To the area of the economic control one says, everything is done to reach an arrangement with the EU parliament above all over the preventive arm of the stability pact. The European Parliament wants the reverse qualified majority also with the preventive arm, the EU states are up to now against it. National legal basic conditions should be introduced in the end of 2012.
EU President of the Council Herman van Rompuy should present in close collaboration with the chairperson of the eurogroup, Jean-Claude Juncker, concrete proposals in October to present a better crisis management in the eurozone with improved operating procedures.
EU summit: Euro at times more than 1.44 dollars
The standing out arrangement of the European heads of state and head of government at the Brussels EU-special summit to the debt crisis has given a high-altitude flight to the course of the euro on Thursday.
At last the communal currency cost 1.4372 US dollars. In the point the course had climbed even up to 1.4401 dollars. About midday statements of euro group boss Jean-Claude Juncker to a possible partial loan failure (Selectiv Default) of Greek state loans had still still strongly loaded the currency and had pressed her day low-pressure area with 1.4137 dollars. When then in the afternoon more and more news trickled through to the arrangement at the summit, it also went for the euro precipitously uphill.
The European central bank (EZB) had the authoritative course on 1.4222 (Wednesday: 1.4207) dollar settled. The dollar cost with it 0.7031 (0,7039) euros.

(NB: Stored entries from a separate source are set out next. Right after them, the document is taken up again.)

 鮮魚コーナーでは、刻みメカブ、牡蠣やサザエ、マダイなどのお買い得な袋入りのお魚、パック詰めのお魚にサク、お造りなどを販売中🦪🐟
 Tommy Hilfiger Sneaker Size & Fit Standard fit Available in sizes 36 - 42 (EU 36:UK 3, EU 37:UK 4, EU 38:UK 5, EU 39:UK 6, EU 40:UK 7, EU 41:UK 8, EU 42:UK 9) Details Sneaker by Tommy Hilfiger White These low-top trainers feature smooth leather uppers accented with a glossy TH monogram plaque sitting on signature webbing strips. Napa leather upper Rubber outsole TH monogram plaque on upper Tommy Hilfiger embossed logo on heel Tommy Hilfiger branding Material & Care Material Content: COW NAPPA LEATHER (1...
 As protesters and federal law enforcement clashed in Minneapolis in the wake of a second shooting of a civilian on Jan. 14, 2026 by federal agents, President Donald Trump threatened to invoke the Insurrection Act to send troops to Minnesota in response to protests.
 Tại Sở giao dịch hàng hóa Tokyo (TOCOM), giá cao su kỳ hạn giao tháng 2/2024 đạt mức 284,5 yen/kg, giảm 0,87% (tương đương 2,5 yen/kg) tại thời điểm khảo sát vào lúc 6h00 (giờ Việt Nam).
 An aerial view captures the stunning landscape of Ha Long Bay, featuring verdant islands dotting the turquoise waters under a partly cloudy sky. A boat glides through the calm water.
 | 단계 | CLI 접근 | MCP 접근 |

With a strong relief jump the euro has said goodbye on Thursday from European dominated trade. The communal currency jumped in view of positively taken up news of the euro-summit almost on 1.44 USD – a sentence of more than 2,5 cents of the day low-pressure area.

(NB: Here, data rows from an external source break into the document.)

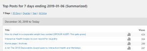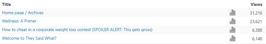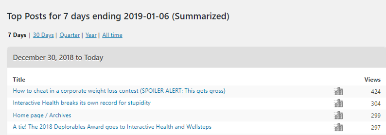 Here are the 2019 stats through yesterday.. A new cycle of wellness programs and crash-dieting contests is about to start, so despite New Years week being a very slow week for TSW (like other HR blogs), that post is #1: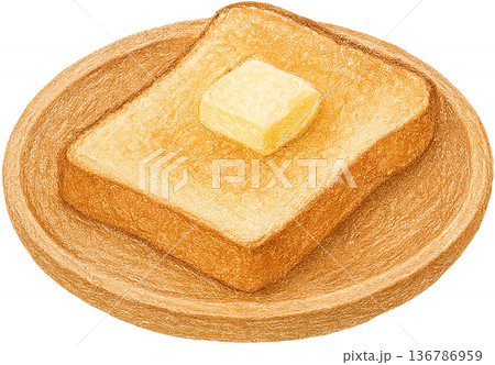 Hand drawn colored pencil white toast and butter illustration, New Zealand breakfast, transparent background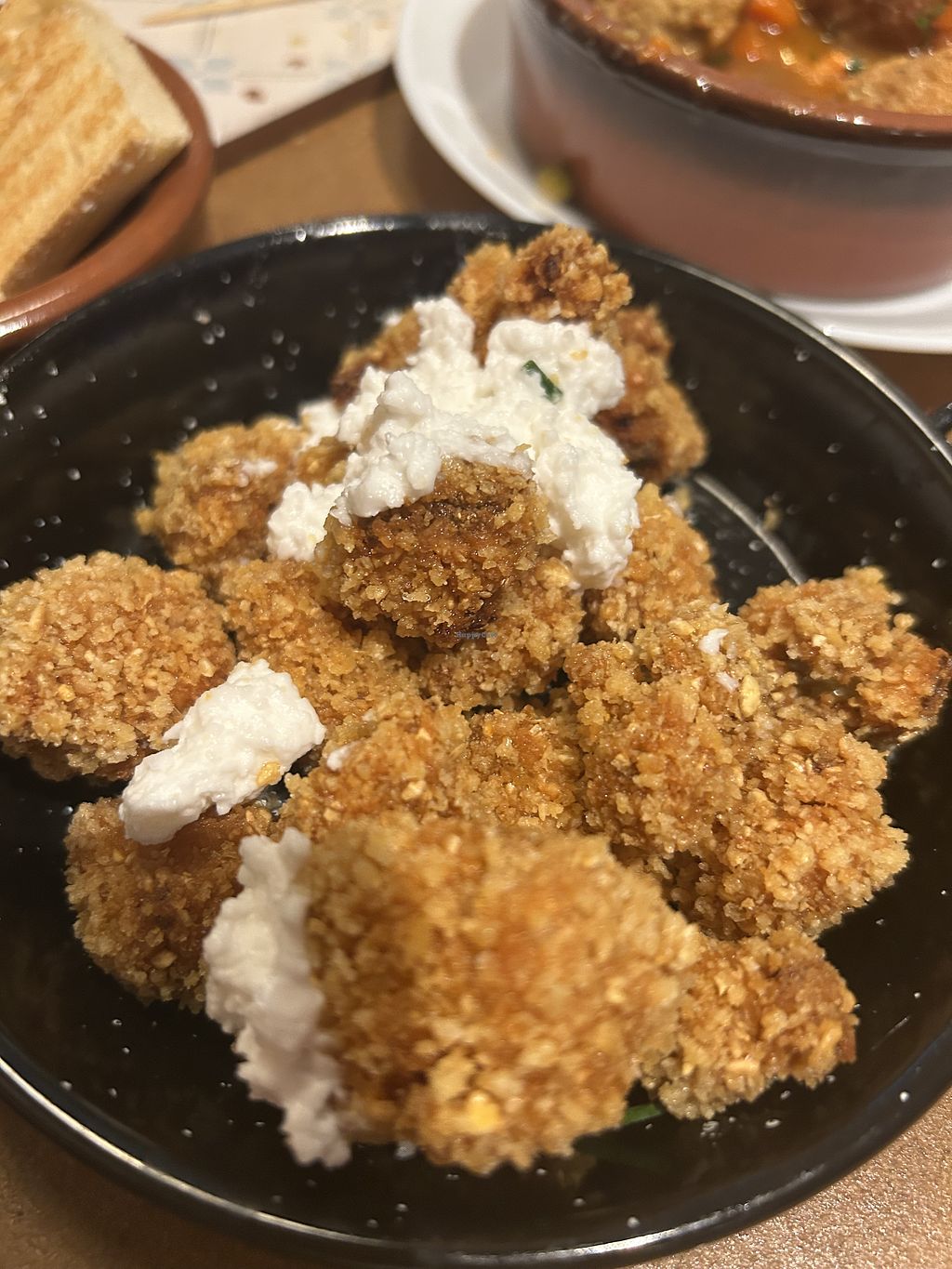 This spot offers vegan tapas, which we ordered in abundance and shared, of course. My favorite was the cauliflower popcorn—super tasty. They even serve a vegan version of Spanish omelette, which I found pretty interesting. As well as the kimchi fries.

“The pressure gives way from the euro because there will be no insolvency of an euro-country”, according to a trader with look at the standing out arrangement at the EU-crisis summit. However, officially nothing would be known, only statements from a document. At the moment the scenario is played that the EFSF is equipped with more competence. This might contain that he should dispose of more power and may buy in the secondary market loans. Besides, analysts go out predominantly from a lengthening of the term of Greek’s loans and lowered interest.
“The big question is furthermore whether the rating agencies ‘Selective Default’ for Greece exclaim” of so another market participants. “To prevent discussions, a partial payment failure, are from the table”, said the Dutch Minister of Finance Jan Kees de Jager in addition in Hague. An other stranger is whether a partial payment failure leads necessarily to the fact that the EZB the loans of the debtor does not accept more than security. This would not be cleared. However, at the moment it is assumed from the fact that the EZB might provide if necessary “own rating” for the respective country. However, such a step costs credibility of the European central bank once more, on the other hand, it would be a usual way.

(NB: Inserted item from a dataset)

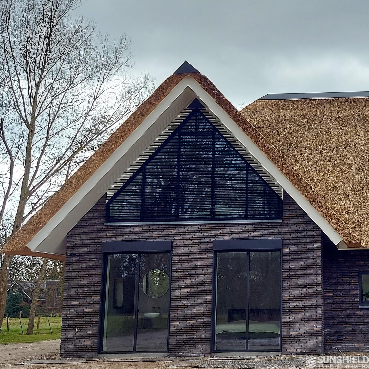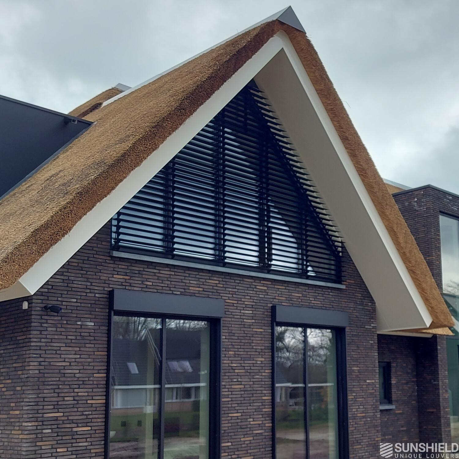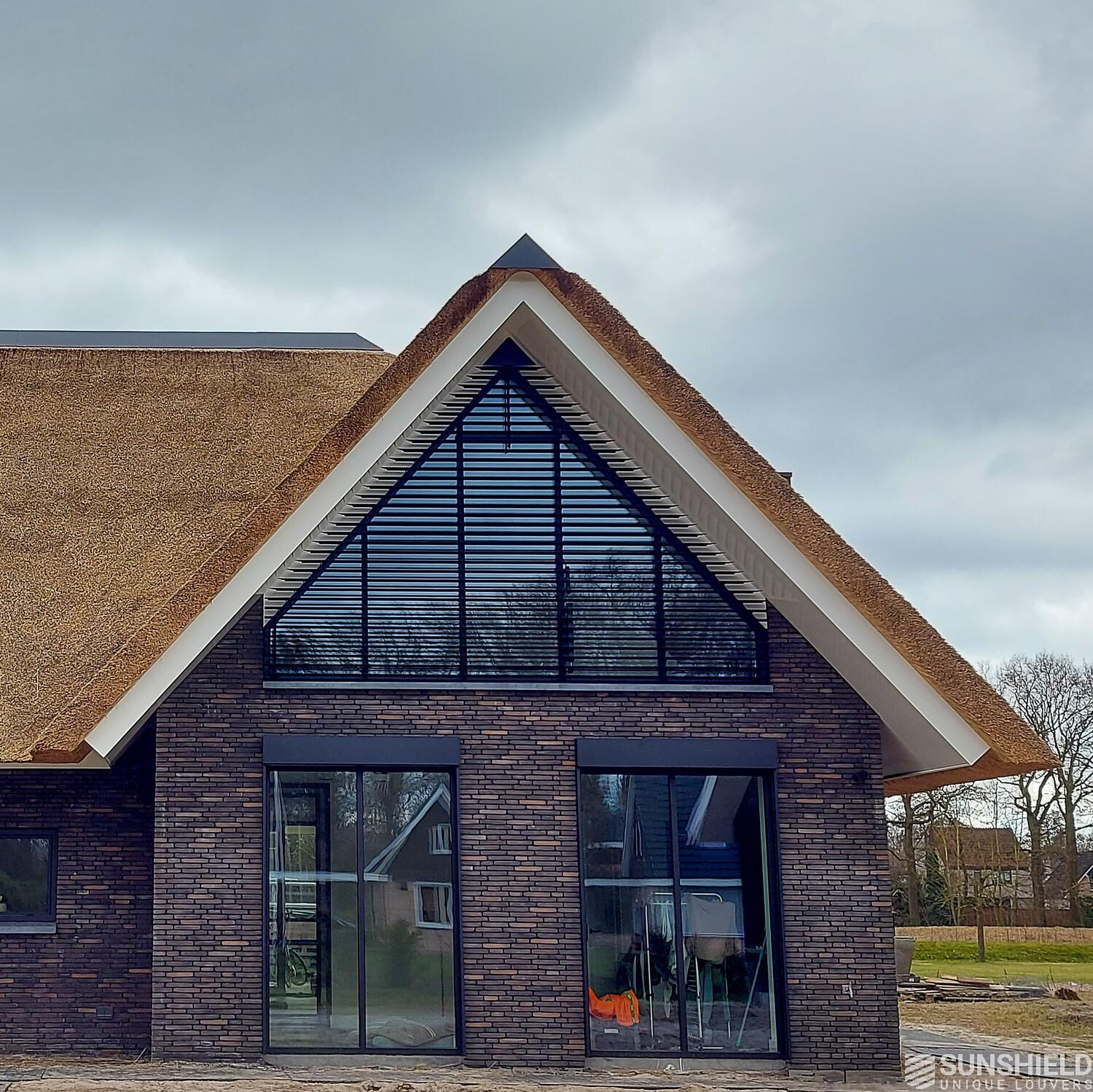 Here is a modern country house equipped with unique louvers. By Sunshield, commissioned by Fikkert Zonwering also located in Almelo (NL).

Already before standard & Poor’s had to know to evaluate given, such a called running over of Greek obligations in longer terms possibly than partial payment failure. “This suggests that running over component of the second rescue programme might become”, said a trader.
As the biggest obstacle for another rescue programme for Greece the question is further valid after a participation of the private creditors on whom above all the Federal Government knocks.
No prop for the dollar was the strong jump in the Philadelphia Fed index in view of such EU joy. He has risen in July on 3.2 of deficit to 7.7 points. The subcomponents had risen predominantly, thus that for orders and employment. Only the weekly applications for US unemployment assistance disappointed something. They increased around 10,000, although an unchanged state had been expected. Indeed, the house price index FHFA easily improved.